### Records shown
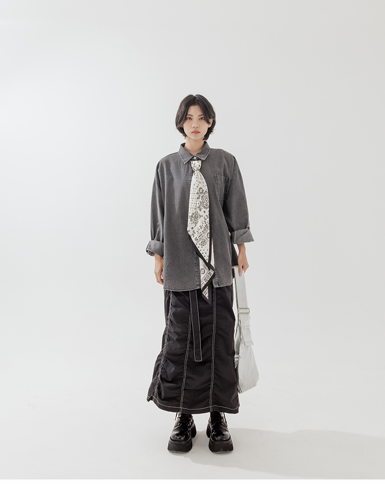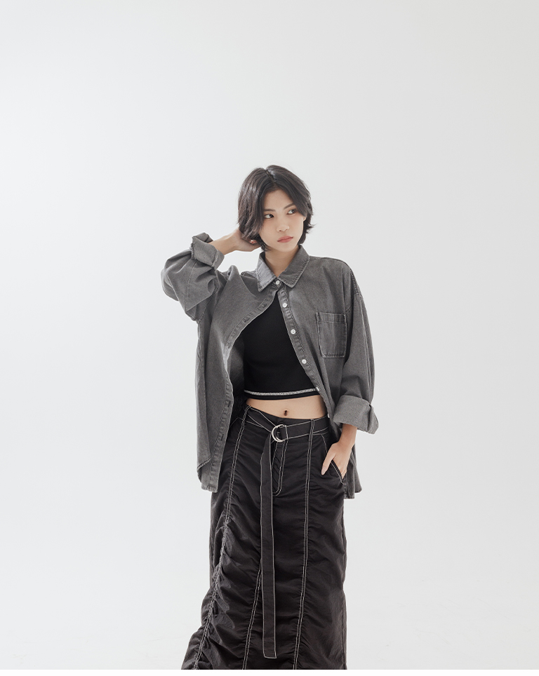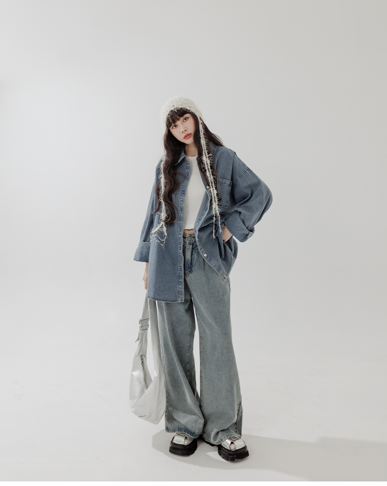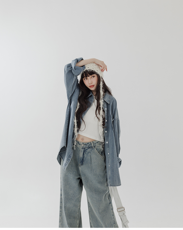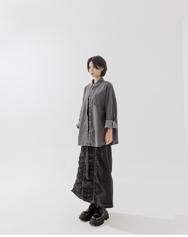 洗舊感純棉單口袋牛仔襯衫 兩色售
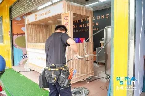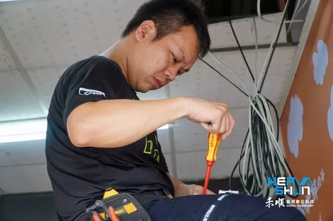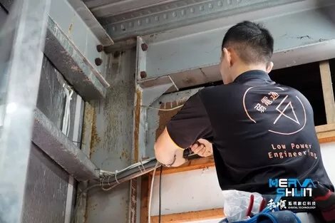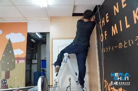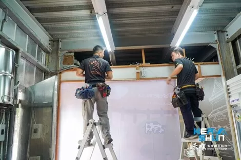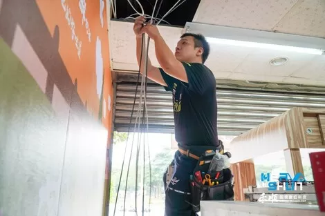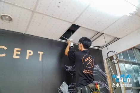 工程師要先將天花板移開把線路繞過去,再去做拉線
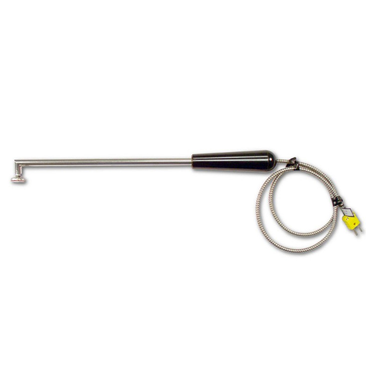 The 50001-K was designed for use on any flat surface. Swiveling bell sensor self-orients to the surface, giving superior contact. Ideal for griddles and platens. Durable Phenolic handle. Cable protected by flexible armored sheath. A dab of oil is recommended to aid in heat transfer between sensor and flat surface. Available in Type J, K, and T.
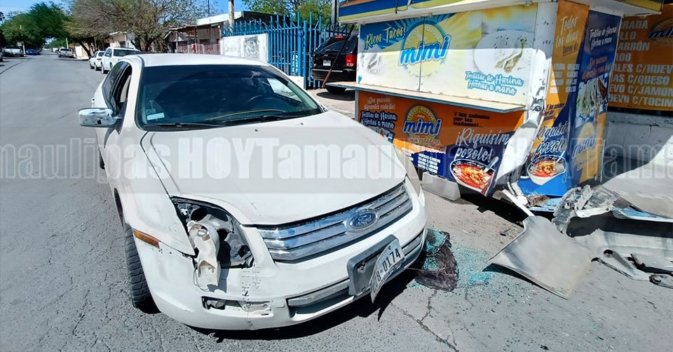 Nuevo Laredo, Tamaulipas. — El crucero de Riva Palacio y Venustiano Carranza, en la colonia Juárez de Nuevo Laredo, fue escenario de un accidente vial, en el que la falta de precaución de un joven conductor derivó en daños tanto en vehículos como en puesto semifijo de tacos.
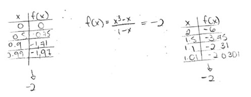 A continuación, para ejemplificar la codificación, mostramos las respuestas del estudiante EBM1313 a las preguntas que le hemos realizado en el cuestionario. Al responder a la primera pregunta (figura 1), el estudiante evidencia la categoría Límite como Objeto (LO), ya que indica que el límite es el punto. No obstante, es en la pregunta 2, cuando observamos las categorías: Límite como Proceso (LP) debido que se observa un proceso de aproximación; Coordinación entre las Variables y (CV) ya que hay relación de la variable independiente con la variable dependiente a través de procesos de aproximación; Condiciones de Lateralidad y Doble convergencia (CLDC), pues evidencia que por derecha e izquierda el límite debe ser -2; Términos de Posición Relativa (PR) debido a que muestra diferentes preimágenes tanto a la izquierda como a la derecha de 1; y finalmente evidencia la categoría Otra Representación (OR), ya que utiliza una representación tabular (figura 2).
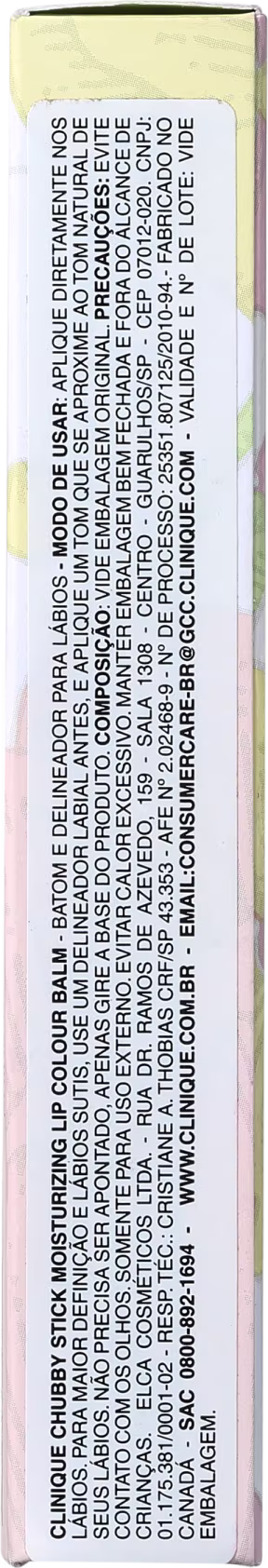 O Batom Cremoso Clinique Chubby Stick possui uma fórmula com manteiga de karité, sendo altamente nutritiva que hidrata profundamente os lábios, evitando rachaduras e descamações. Desliza facilmente nos lábios, sendo rápido e fácil de aplicar. Conta com uma gama de tons à prova de erros para misturar e combinar entre si.

### Problem statement
Starting with the line that holds "A continuación, para", transcribe exactly each line through the last one of the material above, and nothing else. Do not include pictures.

### Expected answer
 A continuación, para ejemplificar la codificación, mostramos las respuestas del estudiante EBM1313 a las preguntas que le hemos realizado en el cuestionario. Al responder a la primera pregunta (figura 1), el estudiante evidencia la categoría Límite como Objeto (LO), ya que indica que el límite es el punto. No obstante, es en la pregunta 2, cuando observamos las categorías: Límite como Proceso (LP) debido que se observa un proceso de aproximación; Coordinación entre las Variables y (CV) ya que hay relación de la variable independiente con la variable dependiente a través de procesos de aproximación; Condiciones de Lateralidad y Doble convergencia (CLDC), pues evidencia que por derecha e izquierda el límite debe ser -2; Términos de Posición Relativa (PR) debido a que muestra diferentes preimágenes tanto a la izquierda como a la derecha de 1; y finalmente evidencia la categoría Otra Representación (OR), ya que utiliza una representación tabular (figura 2).
 O Batom Cremoso Clinique Chubby Stick possui uma fórmula com manteiga de karité, sendo altamente nutritiva que hidrata profundamente os lábios, evitando rachaduras e descamações. Desliza facilmente nos lábios, sendo rápido e fácil de aplicar. Conta com uma gama de tons à prova de erros para misturar e combinar entre si.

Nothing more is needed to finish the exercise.